Evaluation of the new scoring system for gastric cancer screening and risk assessment of gastric precancerous lesions
10.3760/cma.j.cn321463-20200518-00099
- VernacularTitle:新型胃癌筛查评分系统在胃癌筛查及癌前病变风险评估中的价值
- Author:
Xiaoteng WANG
;
Zizhong JI
;
Feng HAN
;
Bin LYU
- From:
Chinese Journal of Digestive Endoscopy
2021;38(5):379-383
- CountryChina
- Language:Chinese
-
Abstract:
Objective:To evaluate the new scoring system for gastric cancer screening and risk assessment of gastric precancerous lesions.Methods:A total of 442 patients who underwent endoscopy due to stomach discomfort at the First Hospital of Jiaxing from March 2018 to September 2019 were enrolled. The patients were divided into three groups based on the new scoring system for gastric cancer screening before endoscopy: low-risk group (0-11 points), median-risk group (12-16 points) and high-risk group (17-23 points). The detection rates of gastric cancer and atrophic gastritis in three groups were analyzed. According to the range or degree of atrophy or intestinal metaplasia, patients were divided into five groups of stage 0 to Ⅳ based on the operative link for gastritis assessment (OLGA) or operative link for gastritis intestinal metaplasia (OLGIM). The correlation between the new gastric cancer screening scoring system and OLGA or OLGIM staging system were evaluated.Results:Among 442 patients, 211 were assigned to low-risk group, 207 median-risk group and 24 high-risk group according to the new scoring system.
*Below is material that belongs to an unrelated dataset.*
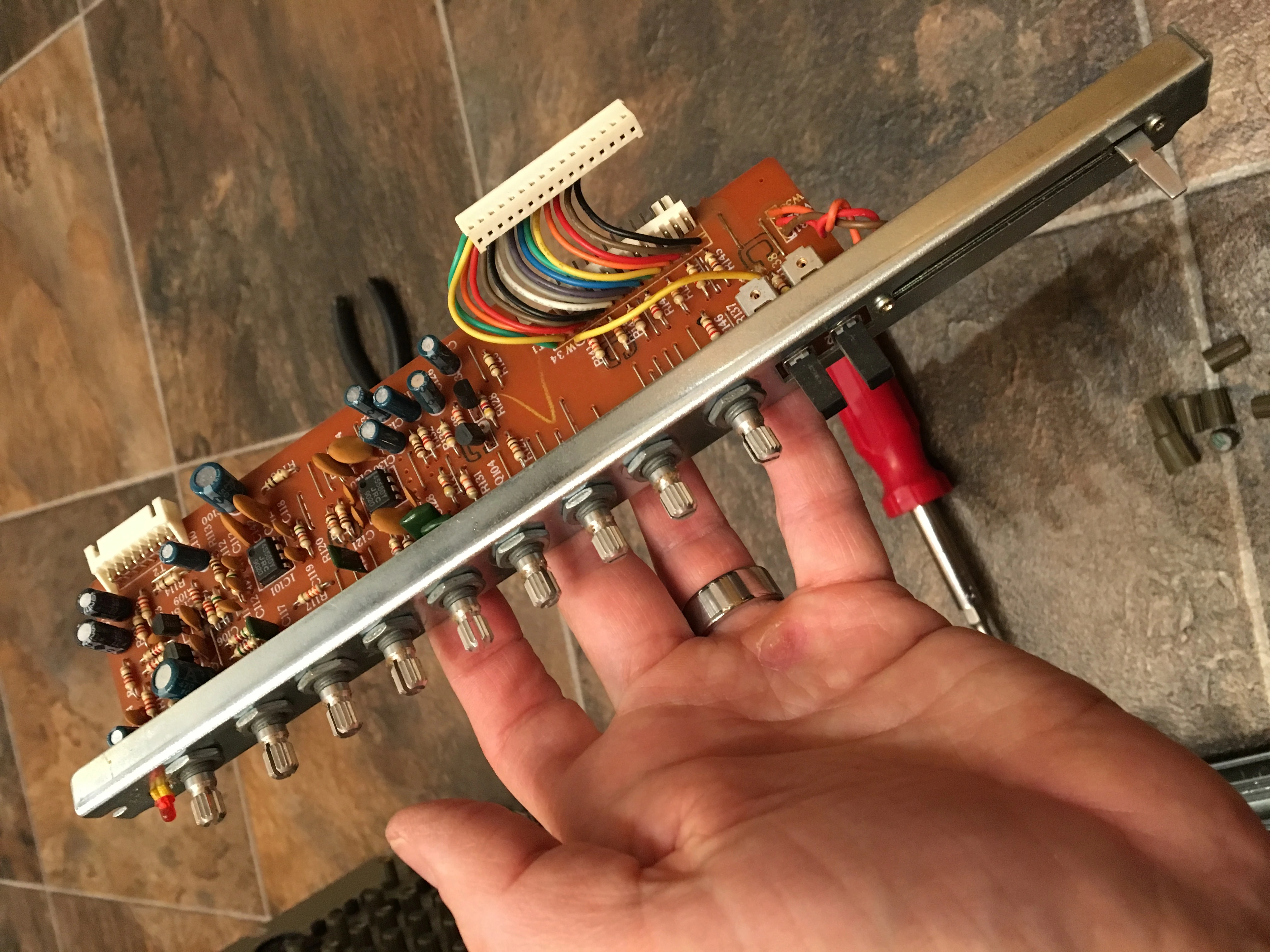 Now, this is no boutique mixer...it’s a budget model, but it’s got a decent feature set for what it is (phantom power, 3-band EQ with swept mid band, 3 AUX busses, one of them globally switchable pre/post, PFL circuit, a little assignable talk-back mic input, inserts on all inputs and outputs)...and it sounds alright. And I enjoy opening this stuff up to see how it was designed. I think some engineer got their way against the marketing team and the bean-counters on this one...each channel is on its own card, all wiring is connectorized and/or point-to-point, and each card is mounted by two screws to the frame...all pots are individually nutted but to an individual channel structural member, so once the cover is off the chassis, pull the knobs off of a channel, remove two screws and unplug two harness connectors and a channel is out. That’s not as convenient as individual plug-in modules, but it’s a whole lot more serviceable than scads of more expensive gear out there:

For OLGA staging system, there were 241 cases of stage-0, 105 of stage-Ⅰ, 58 stage-Ⅱ, 27 stage-Ⅲ and 11 stage-Ⅳ. For OLGIM staging system, there were 224 cases of stage-0, 113 stage-Ⅰ, 61 stage-Ⅱ, 31 stage-Ⅲ and 13 stage-Ⅳ. The pepsinogen (PG) Ⅰ and pepsinogen ratio (PGR) levels had differences among different OLGA stages ( F=2.844, P=0.027; F=5.435, P=0.001), and these two variables at Stage-Ⅲ and Ⅳ were significantly lower than three other OLGA stages (all P<0.001). The PGR level had differences among different OLGIM stages ( F=3.887, P=0.008), which was significantly lower at Stage-Ⅳ than at other OLGIM stages (all P<0.001). Gamma coefficient analysis and Kendall′s tau-b analysis showed significant correlations between OLGA/OLGIM staging system and new gastric cancer screening scoring system ( P<0.001). Conclusion:The new scoring system is reliable for gastric cancer screening, and is closely linked with OLGA/OLGIM staging system in the risk assessment of gastric precancerous lesions.